Don't Let Taliban See We Are Weak

Dear Sir


            The Reverend Willis’s letter, arguing for a pause in the bombing of Afghanistan for Ramadan, needs a reply because it shows up a dangerous ignorance of how wars are fought. It also shows up the chink in our armour. It gives conviction to those who argue that The West is unable to defend itself, because we have become so decadent.


            It is correct to say that the Allied bombing has caused civilian casualties. This is a cause for concern, but the likelihood of civilian casualties should always be considered BEFORE any bombing ever starts.


            To proceed with this type of action one must be absolutely sure about the morality of what is being proposed. One must have assessed the chance of success and one must have measured the effect of the proposed actions on opinions in other countries.
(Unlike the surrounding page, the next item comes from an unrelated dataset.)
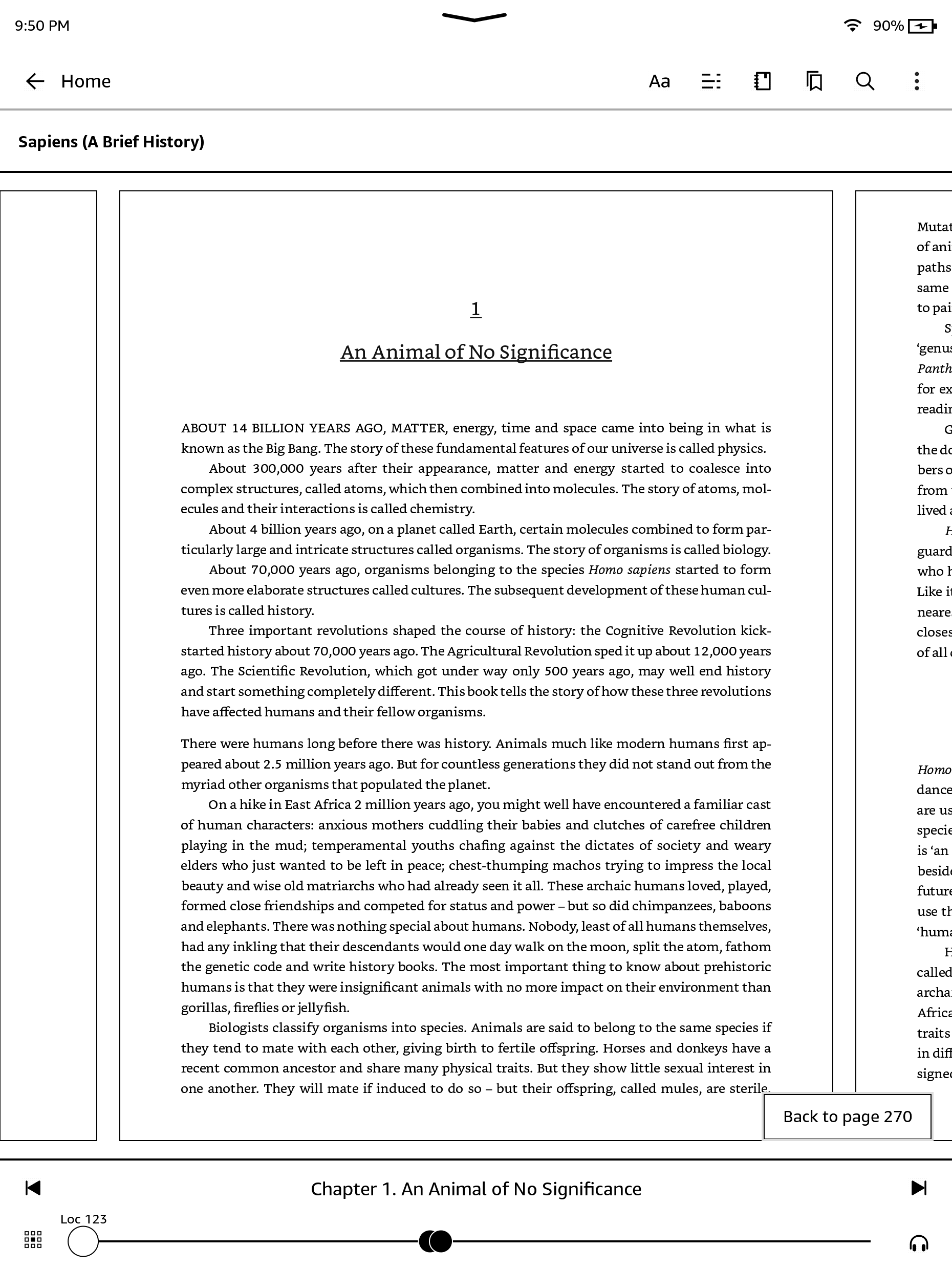 When you tap the top of the screen, the chapter name (if available) also displays on the Reading Navigation toolbar.

            During the four long weeks after the September 11th terrorism, all these considerations would have been made. This action has been embarked on to wipe out the most barbarous terrorist group the world has ever seen. It is also designed to free the Afghan people of the most reactionary regimes the world has ever seen.


            This regime claims to practice Islam, but their version would not be recognised by many. Islam respects women; the Taleban make them hide behind an all covering “gurka”, the Taleban makes educating females a crime. Islam demands that the poor are helped; the Taleban made it almost impossible for the aid to get through, and then stole food intended for the refugees.


            Finally, Islam demands that international law be respected; the Taleban have harboured Osama Bin Laden, the man who now admits to bombing the World Trade Centre, killing hundreds of Muslims in the process.


            The success of these actions is now becoming evident as the first city is captured. With the fall of Mazar-e-Sharif there is a real possibility of creating a humanitarian relief corridor, right in the heart of Afghanistan. Further advances will soon see Kabul relieved and other cities should follow soon after. Relief for the starving will follow these victories.


            So we must not let ourselves be fooled by those who do not have the stomach to finish what has been started. A pause now will alienate a few Muslims, but it will give the evil Taleban regime just the time it needs to regroup. It will make the job more difficult to achieve.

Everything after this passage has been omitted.